Reviewed by Jenny Boychuk

Sometimes you need a poet who will lead you into the dark woods without promising to bring you back to safety again. Sometimes you need a poet who will show you the decomposing bear at the edge of the river—and the kids placing red gumdrops along its spine.

Sara Peters is this poet, and this exceptionally brave and fierce first collection left me shaken. Every poem is surprising, though Peters never uses the same trick twice. Often I found myself holding my breath for multiple poems at a time before she turned the knife in my gut. Peters was born in Antigonish, Nova Scotia. She is a graduate of the MFA program at Boston University and was a Stegner fellow at Stanford University from 2010 to 2012.

The first poem, “Babysitters,” sets an appropriately eerie and mysterious tone for the collection. At the end of the poem, I realized the rest of the book would consist of things parents would never talk about in front of their children.

A foreshadowing:

. . . But when she thinks herself
alone, you hear back seat of the car, then
with a trench knife, in the orchard. Secrets thud
like June bugs against screens,
and all you have to do is let them in.

The collection consists of six sections with five poems each, which provides a pleasing sort of symmetrical reading experience. Peters’ controlled lines work best when they slowly release distilled moments and the rhythms provide an almost incantatory effect:

She didn’t mean to braid the horses’ manes and tails
hundreds of times with so much élan—French, four-stranded—

but up was the only unoccupied direction,
so how else to get there? And always

these questions: Who set those fires?
Who broke those mirrors? Is that your blood?
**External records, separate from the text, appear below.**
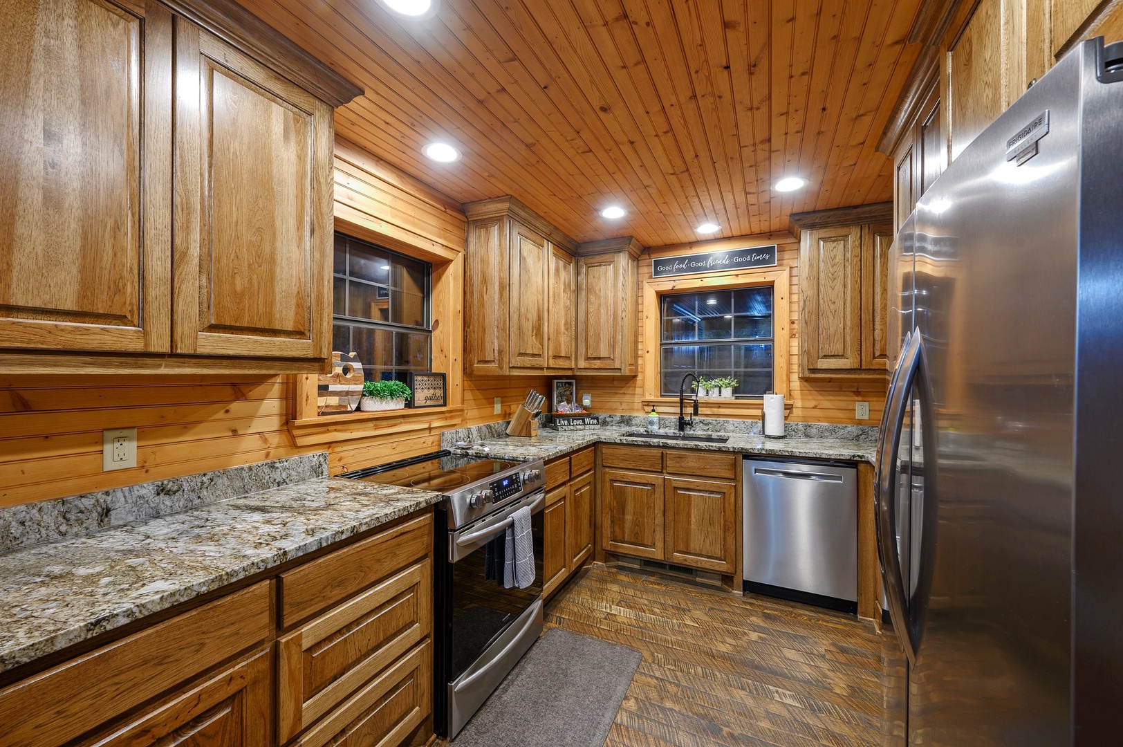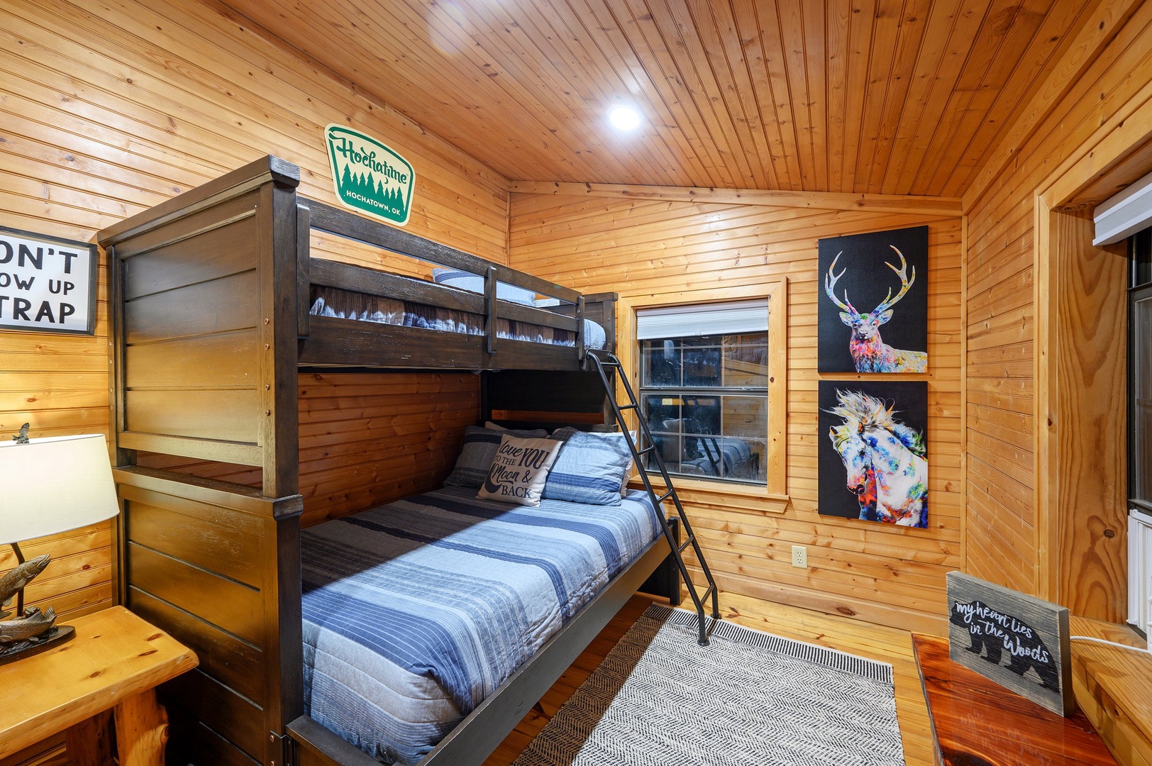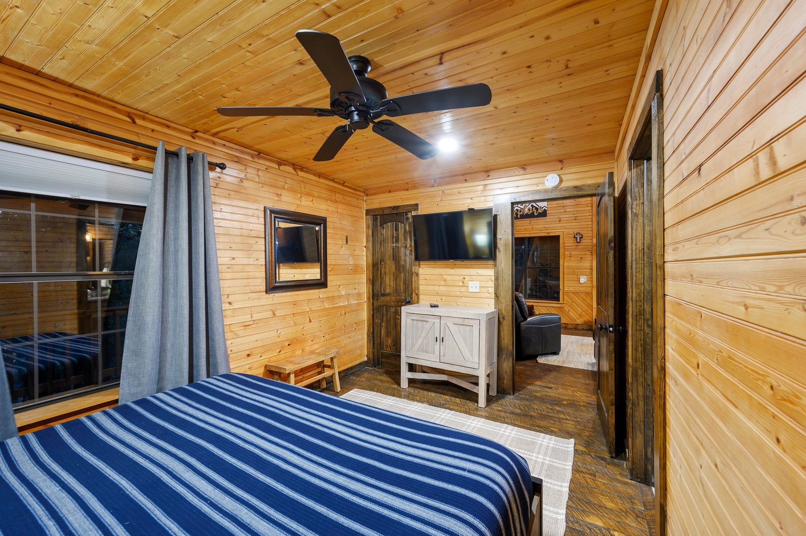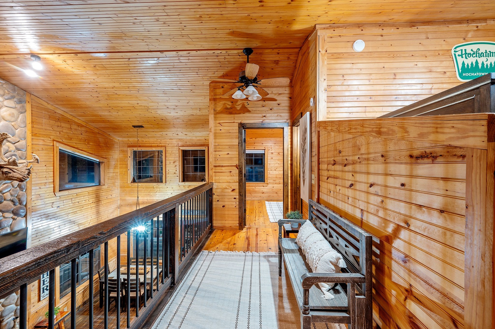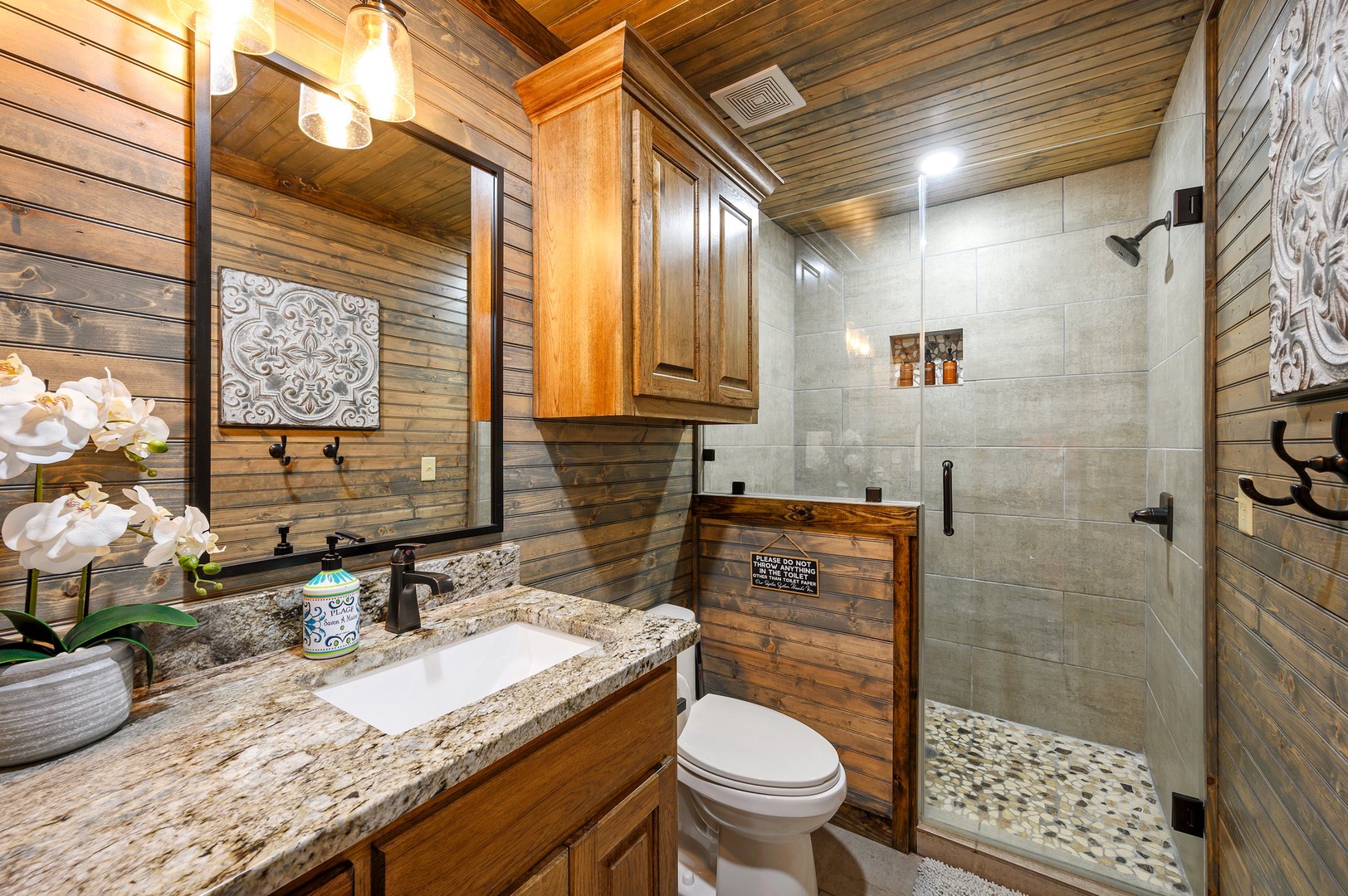 Tailwater Creek Home Broken Bow Tailwater Creek Tailwater Creek Welcome to Tailwater Creek! A classic Broken Bow cabin that's waiting for you in the Ouachita National Forest right down the road from the State Park! You'll enjoy the charm of the cabin and will feel right at home while you're here. Enjoy the private hot tub on the deck sitting among the trees of the Ouachita National Forest. Sit under the stars and roast your mallows to perfect golden perfection! Look at all that counter space! Lots of room for prep as you whip up some of your vacation tradition meals. Open Gallery Welcome to Tailwater Creek! A classic Broken Bow cabin that's waiting for you in the Ouachita National Forest right down the road from the State Park! You'll enjoy the charm of the cabin and will feel right at home while you're here. Enjoy the private hot tub on the deck sitting among the trees of the Ouachita National Forest. Sit under the stars and roast your mallows to perfect golden perfection! Look at all that counter space! Lots of room for prep as you whip up some of your vacation tradition meals. The first floor holds this king bedroom en suite with TV. Upstairs is the second bedroom (not an en suite), bathroom access just outside the door. The loft at the top of the stairs is versatile and can hold kids or extra guests! The living room is a beautiful central anchor to the cabin where everyone can gather and feel connected. The primary en suite bathroom downstairs features a walk-in shower and a vanity with dual sinks. Upstairs the second bedroom and loft share this full bathroom located in between the bedroom and loft so both have easy access. The wraparound porch is one of the best features here, allowing you to catch the best breeze currently blowing and still get views all around! Let's walk inside and start our tour! Upon entering the cabin you walk directly into the open concept living and dining room, connected directly to the kitchen. The abundant counter space will help you both prep for and serve those meals! Kitchen comes equipped with the major modern appliances you're used to including a dishwasher, fridge, freezer and microwave. A large sink sits in the kitchen to hold your dishes and help you procrastinate doing dishes a little longer... Walking back through the kitchen towards the living room you'll see the built in microwave. You can get your morning, afternoon, evening and nighttime coffee fix with this single serve K-Cup brewer. Bring your own coffee as only a few samples will be provided. On your left as you're walking out of the kitchen is your washer and dryer sitting behind a sliding barn dor. Exiting the kitchen we come back into the living room and are greeted by the floor to ceiling rock fire place (wood burning). Enjoy a wood burning fire and let the crackling ambiance be the soundtrack of your cozy evening. On the first floor at the back of the living room sits the primary suite. A comfortable king bed awaits for you to rest and recharge after a full day of adventures. A smart TV hangs at the end of the room for you to wind down with your current favorite show. The en suite bath features a beautiful walk in shower. This dual sink vanity has plenty of room for both of you to get ready! Leaving the primary suite we'll start heading upstairs to the loft and second bedroom. AT the top of the stairs there's a landing which is where the full bathroom is located for the upstairs guests. The loft holds a twin over full bunk. The loft has its own TV and a pony wall to provide some additional privacy. Turning right out of the loft you you can start heading towards the full bath and second bedroom. Just before you get to the second bedroom, the full bathroom will be on your right. All upstairs guests have access to this bathroom as it is open to the landing and not located in a bedroom. The second bedroom holds a queen bed with its own TV. Up here you'll enjoy elevated views of the surrounding grounds and forest. The second bedroom holds a queen bed with its own TV. Exiting the bedroom we return to the landing and start our descent down the stairs to checkout what the outside has to offer! The wraparound porch has several seating areas so you never miss a breeze! The wraparound porch is completely roofed so you can sit outside rain or shine. Off one side of the porch is a second level deck with a setting for al fresco dining in the fresh Oklahoma air! Off the second level deck is another step down to the private hot tub. A little ways off the deck is the fire pit area with string lights to provide extra lighting and ambiance. The wraparound porch is one of the best features here, allowing you to catch the best breeze currently blowing and still get views all around! We love the proximity of the trees to the cabin and porch as it helps provide refreshing forest views and a sense of seclusion. A gas grill awaits for the griller in your family! Propane is provided. A spider web swing hangs underneath the porch which looks like a pretty good reading spot to me! Come have an authentic Broken Bow experience at Tailwater Creek and be right down the road from trail heads and the State Park! Gallery View Broken Bow, Oklahoma 2 Bedrooms 2 full Baths 7 Guests Pets OK Description Rooms Amenities Reviews Calendar Location Welcome to Tailwater Creek, an authentic Broken Bow experience only 2-3 minutes from trail heads and the State Park entrance! Escape to the serene beauty of Broken Bow, Oklahoma, and experience a stay at the charming Tailwater Creek, nestled among the towering pines and hardwoods of the Ouachita National Forest. This cozy cabin is designed to be your home away from home, offering comfort, convenience, and a touch of rustic elegance that captures the essence of a true Broken Bow retreat. Tailwater Creek is a spacious two-bedroom cabin with a loft, comfortably accommodating up to 7 guests (bring those furry friends with you too, because this cabin is pet friendly - see the end of this
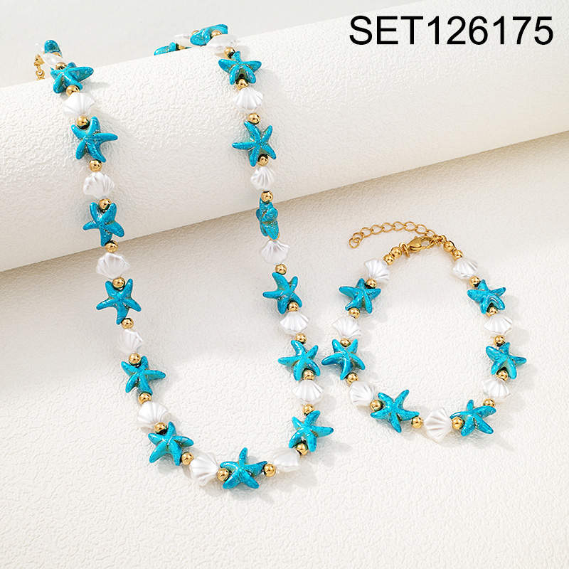 Level B Stainless Steel New Trendy Women Jewelry Summer beach Animal Starfish Shell Golden Chain SET
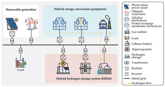 The focus of this study is to explore the potential of hybrid energy storage systems, including hydrogen storage systems, lithium batteries and supercapacitors, to compensate for intermittent generation in highly renewable-penetrated island microgrids. The configuration of the island microgrid is illustrated in Figure 1.
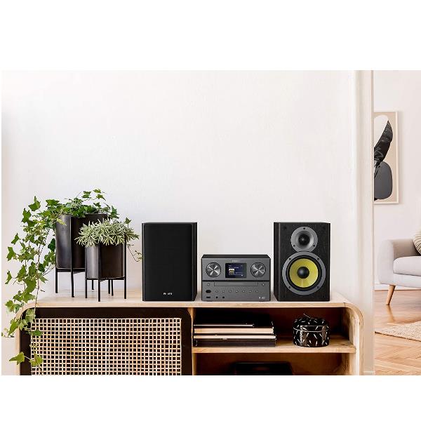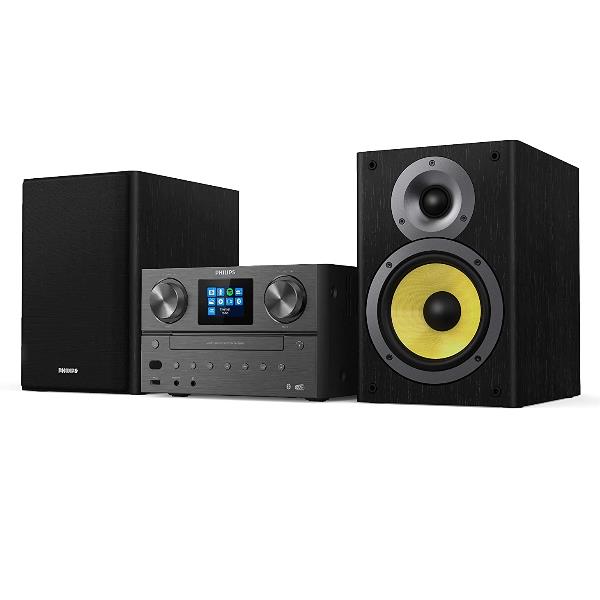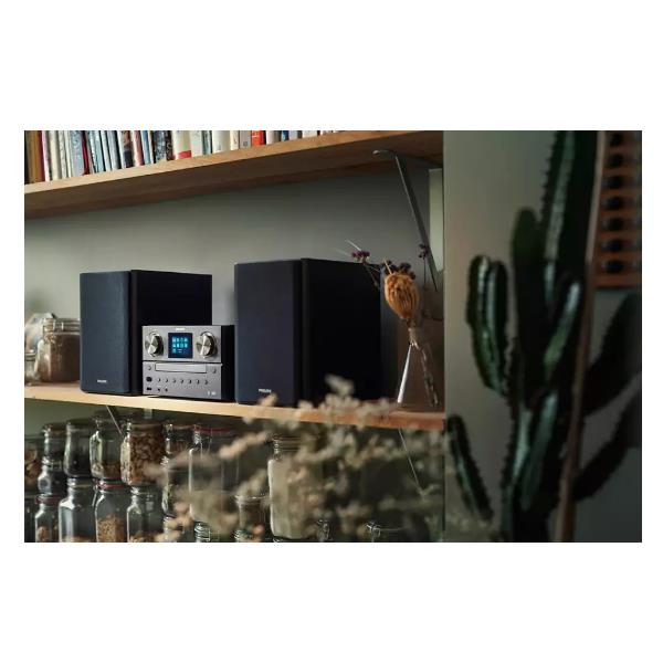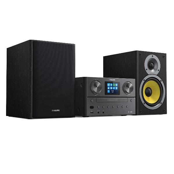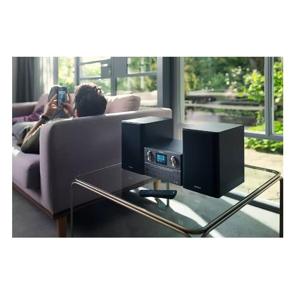 Riempi la stanza con l’audio che ami. Grazie alla radio via Internet, Spotify Connect, Bluetooth e un lettore CD, questo elegante sistema micro è in grado di riprodurre qualsiasi contenuto. Inoltre puoi sintonizzarti sulla radio DAB+ o FM con un audio potente da 100 W.

Peters’ poems often have narratives and through them she tells stories of teenage nostalgia, physical attraction, heartbreak, family, religion, nature and the body wearing down. She is skilled with a knife and handles heavy topics with impressive emotional restraint.

From “Bionic”:

My brother’s twenty-two and therefore believes he’s bionic.
He’s home from school,
he’s supposed to look after our mother for the week.
She’s senile and probably dying.
He’s cruel but his cruelty’s probably temporary.

He’s dressed her in a T-shirt that says
I kill everything I fuck // I fuck everything I kill.
She stares into a bowl of cornflake milk;
I carefully cover my breakfast in ketchup.

My brother is funny and blunt.
Whenever I say something sentimental,
or talk—for example—about the ocean,
he says, You know what?
You should write a poem about that.

While there were points where I thought Peters tried to tackle too much within a poem, I won’t soon forget the haunting details and alarming imagery. This is a collection of secrets, a photo album of things not meant to be photographed—and we should be grateful for the chance to look.

 

Jenny Boychuk has just completed her BFA and is thinking about her future.